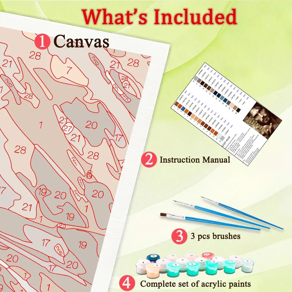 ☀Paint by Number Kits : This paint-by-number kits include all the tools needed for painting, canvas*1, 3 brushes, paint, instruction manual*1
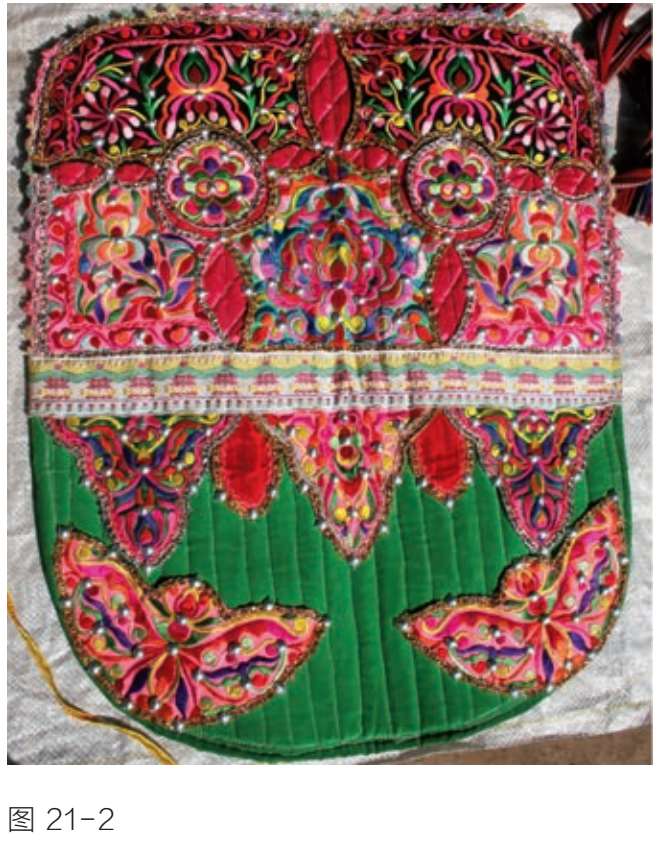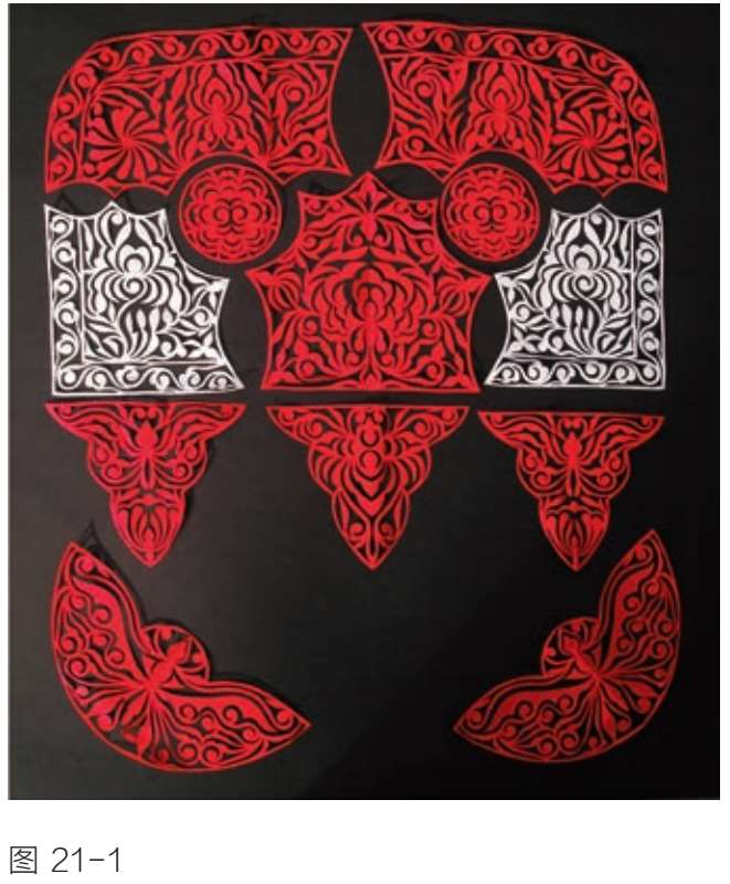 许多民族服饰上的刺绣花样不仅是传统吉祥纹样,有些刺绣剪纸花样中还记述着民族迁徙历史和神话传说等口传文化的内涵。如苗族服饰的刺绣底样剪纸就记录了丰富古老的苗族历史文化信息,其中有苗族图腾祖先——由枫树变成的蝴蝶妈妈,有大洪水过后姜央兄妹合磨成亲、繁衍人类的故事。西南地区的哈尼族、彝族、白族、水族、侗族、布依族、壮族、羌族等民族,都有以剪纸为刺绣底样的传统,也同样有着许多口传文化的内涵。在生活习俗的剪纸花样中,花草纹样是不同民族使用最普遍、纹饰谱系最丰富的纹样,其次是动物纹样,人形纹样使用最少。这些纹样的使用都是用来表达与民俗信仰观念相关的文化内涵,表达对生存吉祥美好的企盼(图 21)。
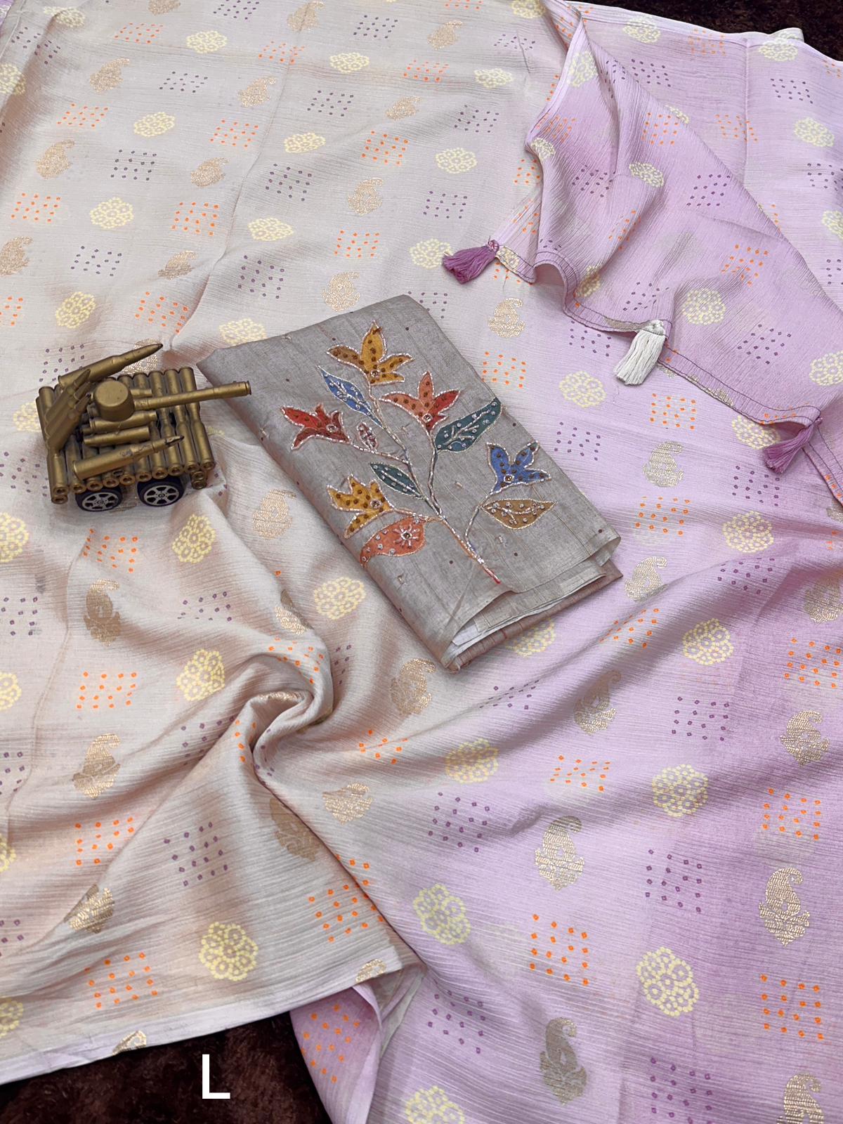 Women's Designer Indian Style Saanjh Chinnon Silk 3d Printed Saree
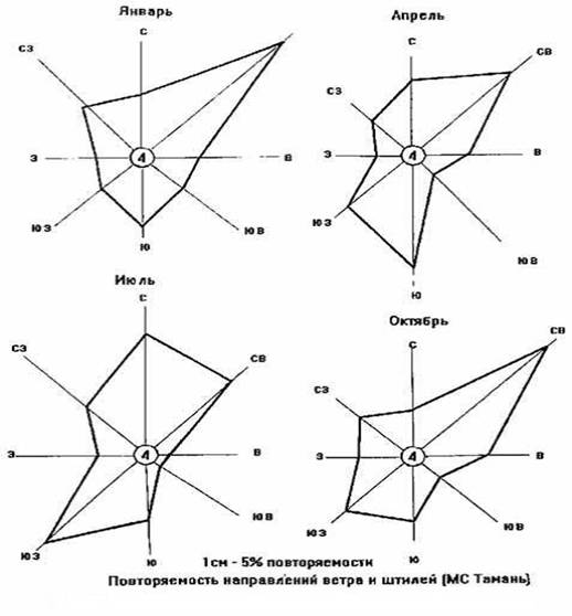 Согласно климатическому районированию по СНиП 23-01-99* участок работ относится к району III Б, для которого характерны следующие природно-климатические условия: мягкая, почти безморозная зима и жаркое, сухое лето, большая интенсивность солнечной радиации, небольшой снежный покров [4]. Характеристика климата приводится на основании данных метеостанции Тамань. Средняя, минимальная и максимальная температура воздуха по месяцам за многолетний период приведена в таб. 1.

:::

[Work task] Could you return the entire listing above verbatim while dropping each picture?

[Exercise answer]
 ☀Paint by Number Kits : This paint-by-number kits include all the tools needed for painting, canvas*1, 3 brushes, paint, instruction manual*1
 许多民族服饰上的刺绣花样不仅是传统吉祥纹样,有些刺绣剪纸花样中还记述着民族迁徙历史和神话传说等口传文化的内涵。如苗族服饰的刺绣底样剪纸就记录了丰富古老的苗族历史文化信息,其中有苗族图腾祖先——由枫树变成的蝴蝶妈妈,有大洪水过后姜央兄妹合磨成亲、繁衍人类的故事。西南地区的哈尼族、彝族、白族、水族、侗族、布依族、壮族、羌族等民族,都有以剪纸为刺绣底样的传统,也同样有着许多口传文化的内涵。在生活习俗的剪纸花样中,花草纹样是不同民族使用最普遍、纹饰谱系最丰富的纹样,其次是动物纹样,人形纹样使用最少。这些纹样的使用都是用来表达与民俗信仰观念相关的文化内涵,表达对生存吉祥美好的企盼(图 21)。
 Women's Designer Indian Style Saanjh Chinnon Silk 3d Printed Saree
 Согласно климатическому районированию по СНиП 23-01-99* участок работ относится к району III Б, для которого характерны следующие природно-климатические условия: мягкая, почти безморозная зима и жаркое, сухое лето, большая интенсивность солнечной радиации, небольшой снежный покров [4]. Характеристика климата приводится на основании данных метеостанции Тамань. Средняя, минимальная и максимальная температура воздуха по месяцам за многолетний период приведена в таб. 1.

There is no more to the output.